In the beverage industry, attempts at blending soda with alcohol have been mixed. The 2010s rush of hard sodas saw Small Town Brewery’s Not Your Father’s Root Beer sold beside Anheuser-Busch InBev’s Best Damn boozy sodas. The rise of 100-calorie hard seltzers hastened their sugary downfall, leading companies to recast soda in RTDs.

Customers today will find ready-to-drink cocktails like Jack Daniel’s & Coca‑Cola and Fresca Mixed. Benson of Barmy Soda is partly building his soda brand around cocktails. “I made ginger beer because I love a Dark and Stormy and a Moscow Mule,” Benson says, adding that his grapefruit soda is an ideal mixer for a Greyhound.

Soda is also an appealing platform for hemp-derived THC. Modist Brewing in Minneapolis makes the THC-infused Melt Pop line in flavors including citrus punch, while Untitled Art’s Mystic Orbit brand features flavors like Cosmic Orange. Urban Artifact, in Cincinnati, is finding a ready audience for its THC-infused Coastalo sodas.

“Our hunch was that the hemp beverage space already had mocktails that were very adult-themed and complex,” says Scotty Hunter, a co-founder and the chief of strategic development. “But most general consumers want something simple and straightforward.”

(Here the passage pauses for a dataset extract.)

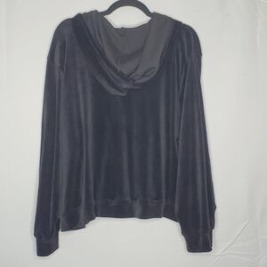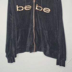 Bebe Velour Hoodie Size 3X Metallic Spell Out Zip Front Soft Black Jacket Y2K
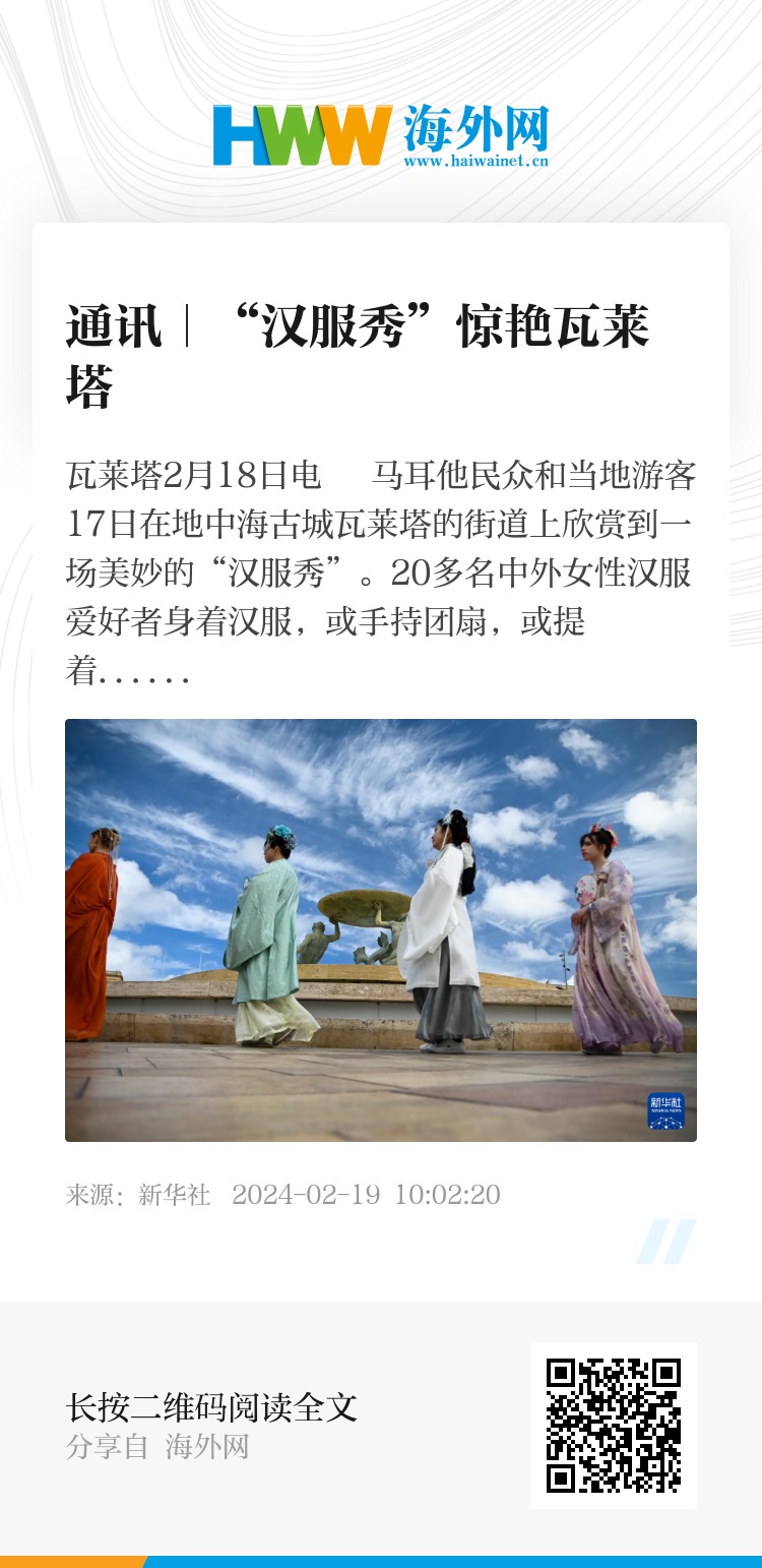 马耳他中国文化中心主任袁媛说,这场“汉服秀”以穿越千年的华服之美,欢庆中国龙年的到来,受到当地民众和国际游客热烈欢迎。“汉服秀”的成功举办也体现了中华文化的魅力和中西文化交流互鉴对促进民心相通、增进相互了解、加深友谊的影响力和推动力。(新华社记者陈文仙)

Instead of riffing on root beer, Urban Artifact leaned on other nostalgic soda flavors such as red cream, orange and grape that are flavored with real fruit. “We saw a gap in the market,” Hunter says, adding that sweetness is a selling point. “Ultimately, people love sugar and flavor. It’s easier to convey that expectation with a soda versus a mocktail.”

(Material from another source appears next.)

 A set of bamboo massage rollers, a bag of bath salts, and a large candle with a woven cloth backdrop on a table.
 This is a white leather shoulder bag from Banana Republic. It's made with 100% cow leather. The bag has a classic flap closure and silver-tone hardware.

At their core, sodas are liquid delivery vehicles for delight, perhaps delivering energizing caffeine or a sugar-fueled dopamine boost. A soda is a treat and a smart addition to a taproom, an easy way to make families feel welcome. Northern Soda Company in New Brighton, Minnesota, a suburb of Minneapolis–St. Paul, sells its sodas at more than 65 taprooms across the state, while Public Coast finds parents joining kids in sipping soda.

“I’ve heard a lot of people saying, ‘My family is doing a root beer tasting tonight,’ “ says Public Coast’s Leroux.

Consuming soda or beer is a simple pleasure best enjoyed with company. “The most fun thing in beer, and I think soda, is that you generally drink it with other people,” Benson says. “We’re social creatures, and a bridge to being social is these beverages.”